> Recorded information:
________________________

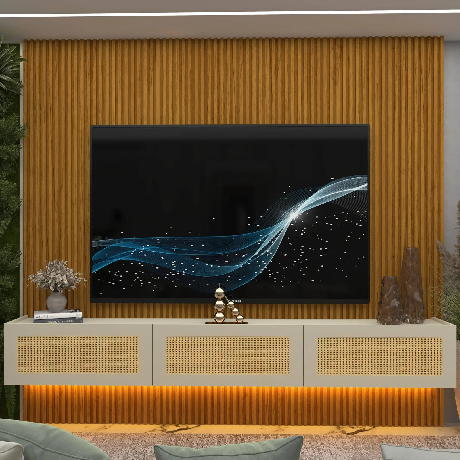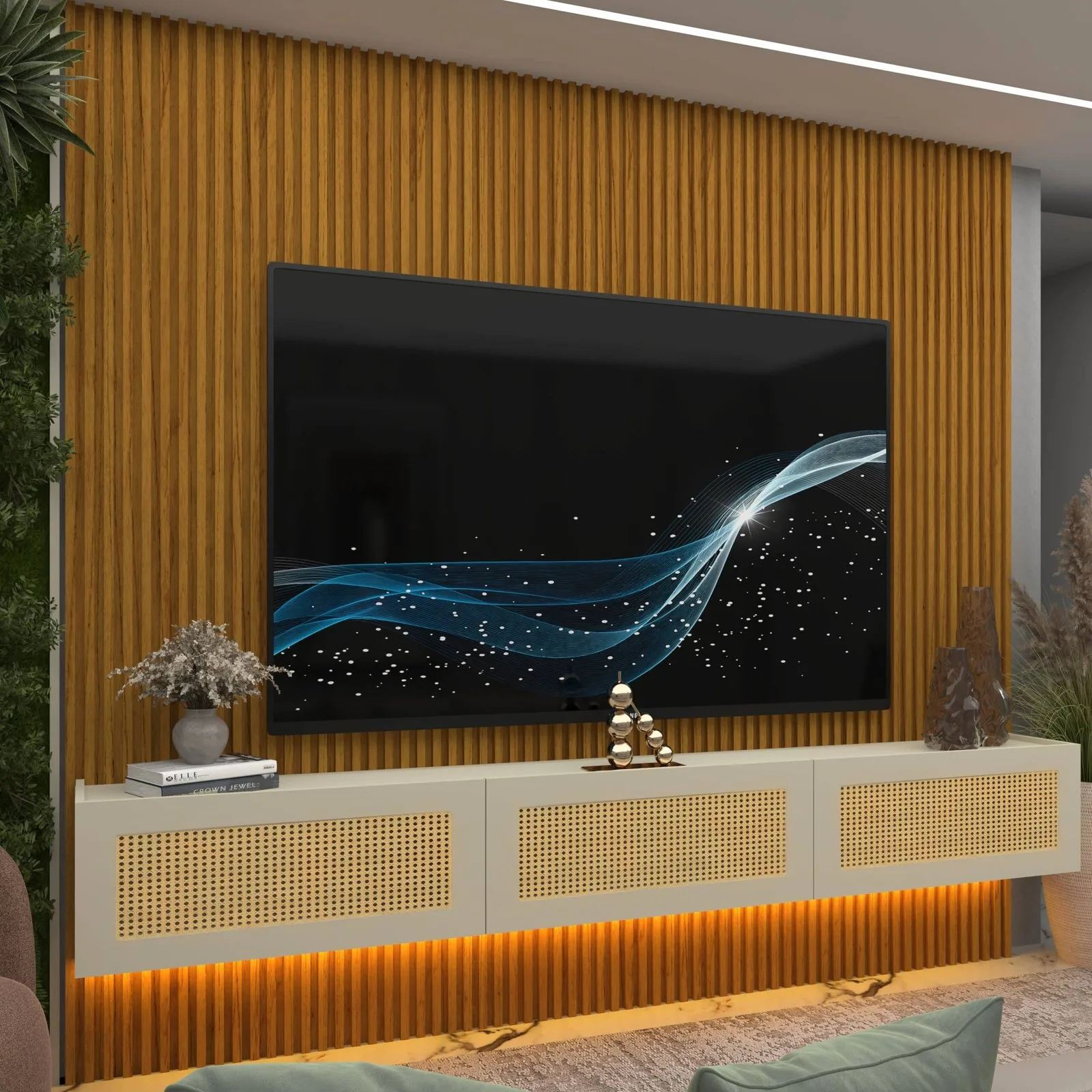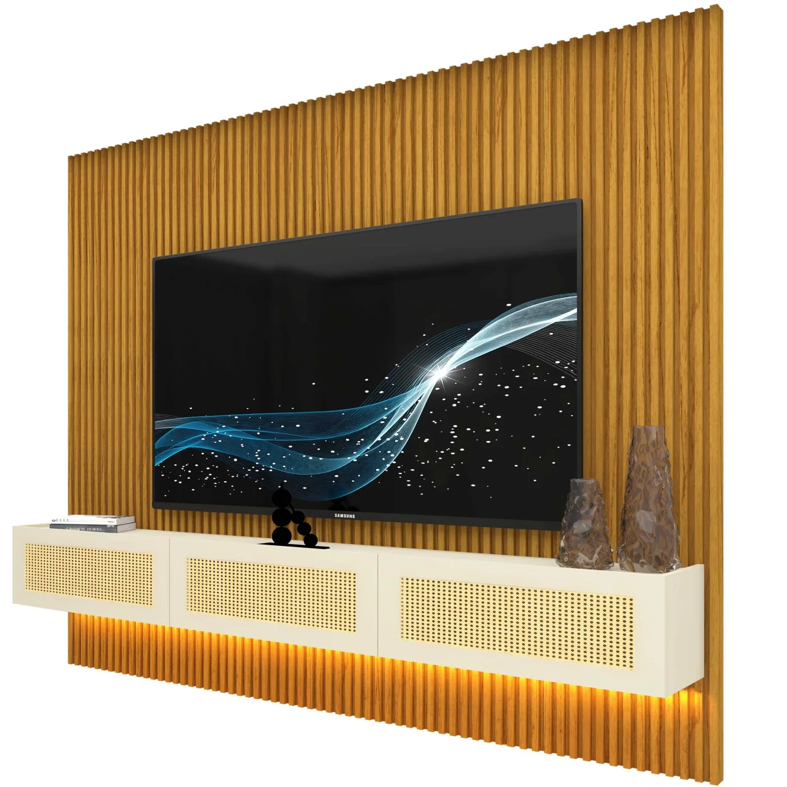 Home Suspenso até 85″ Supremo Ripado 218 Naturale com Nicho Native Off White – GELIUS
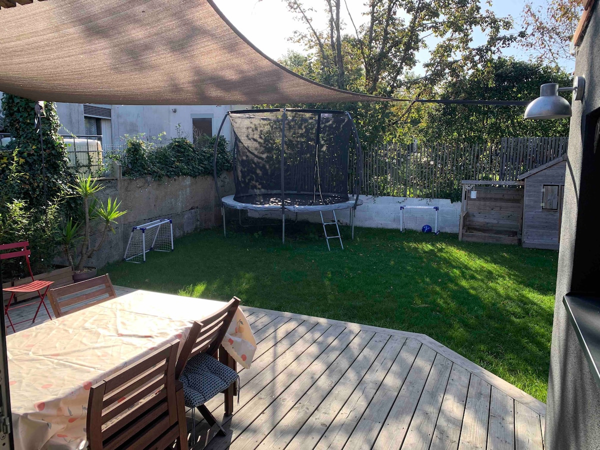 Nuestra casa, construida en 1928, fue objeto de grandes obras en 2020. Hemos creado un dos habitaciones para usted con acceso a nuestro bonito jardín (con trampolín para los niños). El alojamiento también puede servir como lugar de trabajo, en un entorno muy tranquilo y verde (sin tráfico, entorno residencial). Wifi disponible, estacionamiento frente a la casa, parada de tranvía y tiendas (alrededor de la iglesia) a 3 minutos a pie y estación de tren SNCF a 15 minutos a pie.
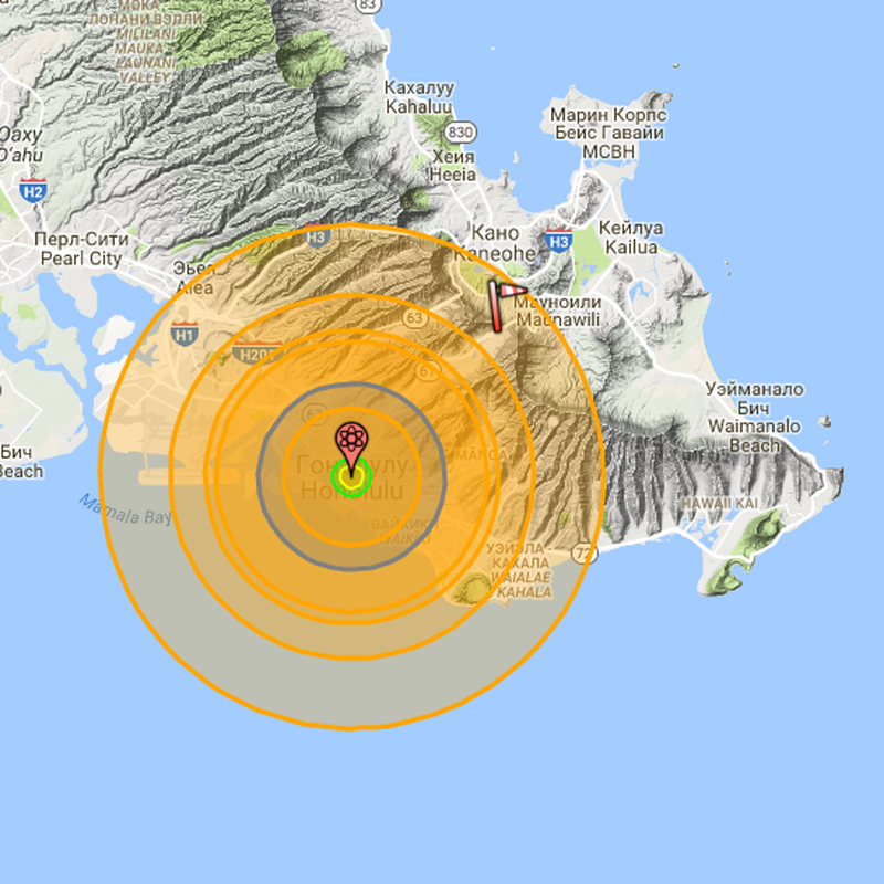 Портал Nukemap опубликовал оценку разрушений и жертв в случае, если бы предупреждение о ракетном ударе по Гавайям не было ошибкой.65Редакция ПМ20 января 2018 13:00 3 66 Утром 13 января жители Гавайских островов получили уведомления о надвигающейся угрозе: «Баллистическая ракета движется в сторону Гавайев, немедленно найдите укрытие», говорилось в СМС. Рассылка вызвала на островах умеренную панику: отменили школьные спортивные матчи, возникли пробки. Через 38 минут местные власти отозвали сообщения и извинились за ложную тревогу. Если баллистическая ракета все-таки была бы выпущена с северокорейского побережья в сторону Гавайев, она, скорее всего, была бы нацелена на столицу штата и самый населенный город — Гонолулу. Если бы энергия взрыва составила 200 килотонн (в тротиловом эквиваленте), число погибших составило бы 150 тысяч человек, рассчитали специалисты Nukemap; число пострадавших составило бы около 173 тысяч. Радиус взрыва составил бы около 500 метров; ионизирующее излучение распр

________________________

> Task objective:
Repeat, exactly and in full, all the material above except its pictures.

> Output of the exercise:
 Home Suspenso até 85″ Supremo Ripado 218 Naturale com Nicho Native Off White – GELIUS
 Nuestra casa, construida en 1928, fue objeto de grandes obras en 2020. Hemos creado un dos habitaciones para usted con acceso a nuestro bonito jardín (con trampolín para los niños). El alojamiento también puede servir como lugar de trabajo, en un entorno muy tranquilo y verde (sin tráfico, entorno residencial). Wifi disponible, estacionamiento frente a la casa, parada de tranvía y tiendas (alrededor de la iglesia) a 3 minutos a pie y estación de tren SNCF a 15 minutos a pie.
 Портал Nukemap опубликовал оценку разрушений и жертв в случае, если бы предупреждение о ракетном ударе по Гавайям не было ошибкой.65Редакция ПМ20 января 2018 13:00 3 66 Утром 13 января жители Гавайских островов получили уведомления о надвигающейся угрозе: «Баллистическая ракета движется в сторону Гавайев, немедленно найдите укрытие», говорилось в СМС. Рассылка вызвала на островах умеренную панику: отменили школьные спортивные матчи, возникли пробки. Через 38 минут местные власти отозвали сообщения и извинились за ложную тревогу. Если баллистическая ракета все-таки была бы выпущена с северокорейского побережья в сторону Гавайев, она, скорее всего, была бы нацелена на столицу штата и самый населенный город — Гонолулу. Если бы энергия взрыва составила 200 килотонн (в тротиловом эквиваленте), число погибших составило бы 150 тысяч человек, рассчитали специалисты Nukemap; число пострадавших составило бы около 173 тысяч. Радиус взрыва составил бы около 500 метров; ионизирующее излучение распр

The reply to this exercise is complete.